In September 1998, the circuit court dismissed the action, without prejudice, when Adams failed to comply with paragraph 3 of the August 1998 order. Adams took no further action in regard to his declaratory-judgment case.

On December 15, 1998, the SEICTF Review Board issued a written opinion upholding the SEICTF’s denial of coverage. On January 15, 1999, Adams appealed to the Circuit Court of Montgomery County, pursuant to §§ 41-22-20 through -27, Ala. Code 1975. The Alabama Department of Finance (“the Department”) filed the record and transcript of the proceedings before the SEICTF Review Board. Adams and the Department filed briefs outlining their respective positions. On March 16, 2000, the circuit court issued an order, which stated, in part:

“It is HEREBY ORDERED, ADJUDGED, AND DECREED that this court has reviewed the transcript and considered briefs filed on said matter and reverses the decision of the SEICTF Review Board to deny [Adams] benefits because the findings and conclusions of the Review Board are contrary to the evidence and applicable law, as Ala.Code §§ 36-30-20 through 36-30-21 [provide] for coverage of [Adams’s] illness as an occupational disease under the SEICTF Program.”

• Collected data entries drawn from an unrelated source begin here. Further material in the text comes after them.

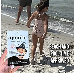 - Quitch Mosquito Bite Relief Patches are a fun, effective way to soothe bug bites without messy creams or harsh chemicals. These dermatologist-developed bug bite patches are powered by a patent pending formulation on a hydrocolloid base that draws out irritants like mosquito saliva, while soothing the itch with natural ingredients like aloe and witch hazel. Designed with kids in mind (but loved by adults too!), these kid-friendly mosquito stickers are gentle, safe, and super easy to use, just peel and stick! Whether you're headed on a road trip 🚗, packing for a family cruise 🛳️, or camping under the stars 🏕️, Quitch Bug Bite Stickers is a must-have for your travel essentials kit. Each patch delivers fast bug bite itch relief and fits perfectly in your backpack, diaper bag, or glove compartment. Say goodbye to itchy nights and fussy bug bite and hello to happy, scratch-free adventures!
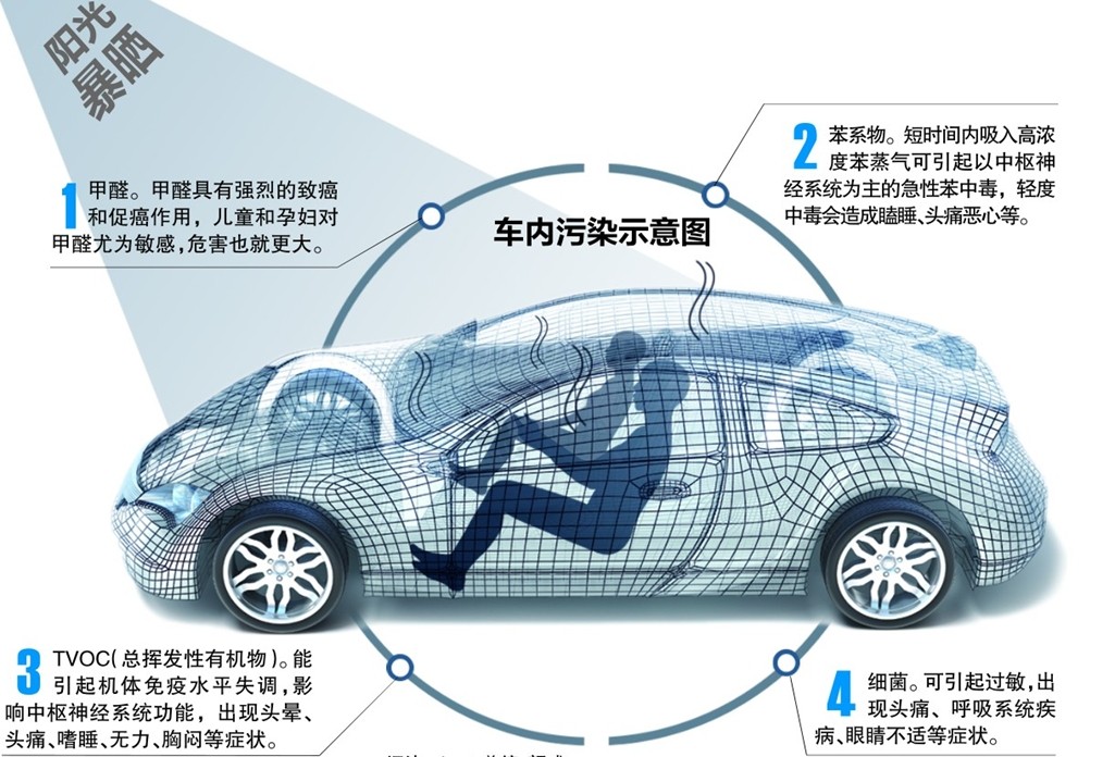 谨防车内空气污染5种方法除去异味,自驾出行,在长时间驾驶过程中,有人会有头昏、恶心、打喷嚏、流眼泪等不适症状出现,这很有可能是车内空气质量惹得祸。近日,全球首家基于SNS的实名制专业汽车问答网站发布《“健康汽车”检测报告》显示,检测了市场上在售的32个品牌、共计44款车型中,有11款车型内饰中的致癌物多环芳烃含量超标。
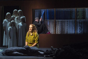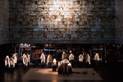 Köln, Staatenhaus [Saal 1]domenica 14 febbraio 2016 Walther Braunfels Jeanne d'Arc Szenen aus dem Leben der Heiligen Johanna Poema di Walther Braunfels dalle carte processuali del 1431 Gürzenich-Orchester Köln Chor und Extra Chor der Oper Köln Mädchen und Knaben des Kölner Domchores Lothar Zagrosek (dir.), Andrew Ollivant (c.) Tatjana Gürbaca (reg.), Stefan Heyne (sc.), Silke Willrett (cost.), Andreas Grüter (l.) int.: Juliane Banse/Tatjana Gürbaca (Johanna), Ferdinand von Bothmer (Hl. Michael), Justyna Samborska (Hl. Katharina), Judith Thielsen (Hl. Margarete), Matthias Klink (Karl von Valois, König von Frankreich), Luke Stoker (Erzbischof von Reims), Martin Koch (Cauchon, Bischof von Beauvais), Dennis Wilgenhof (Vicar Inquisitor), Dennis Wilgenhof (Jacobus von Arc, Johannas Vater), Ralf Rachbauer (Colin, ein Echäfer), Oliver Zwarg (Gilles de Rais, Genannt "Blaubart"), Bjarni Thor Kristinsson (Herzog de la Trémouille), John Heuzenroeder (Herzog von Alençon), Christian Miedl (Ritter Baudricourt), Adriana Bastidas Gamboa (Lison, seine Frau), Alexander Fedin (Bertrand de Poulengy), Luke Stoker (Florent d'Illiers), Dongmin Lee (Page), George Ziwziwadze (Englischer Hauptmann). |

The Department moved to alter, amend, or vacate the judgment, and the circuit court denied the motion. This appeal followed.

The Department contends that this matter is barred by the doctrine of res judicata because, it argues, the circuit court had previously determined that §§ 36-30-20 through -23 (“the State Troopers Program”) and §§ 36-29A-1 [1050]*1050through -8 and the SEICTF administrative rules, §§ 355-8-1-.01 through -.06 (collectively referred to as “the injury-compensation program”), “appear to have separate fields of operation.” However, we find that the doctrine of res judicata does not apply in this case because the declaratory-judgment action was dismissed without having been fully litigated and there was no judgment rendered on the merits of the case. See Croft v. Pale, 585 So.2d 799, 800 (Ala.1991).

The Department also contends that the circuit court erred in reversing the decision of the SEICTF Review Board because, it says, there is no evidence that the State Troopers Program was applicable in any way to the injury-compensation program, especially in light of the clear and unambiguous language of the injury-compensation program.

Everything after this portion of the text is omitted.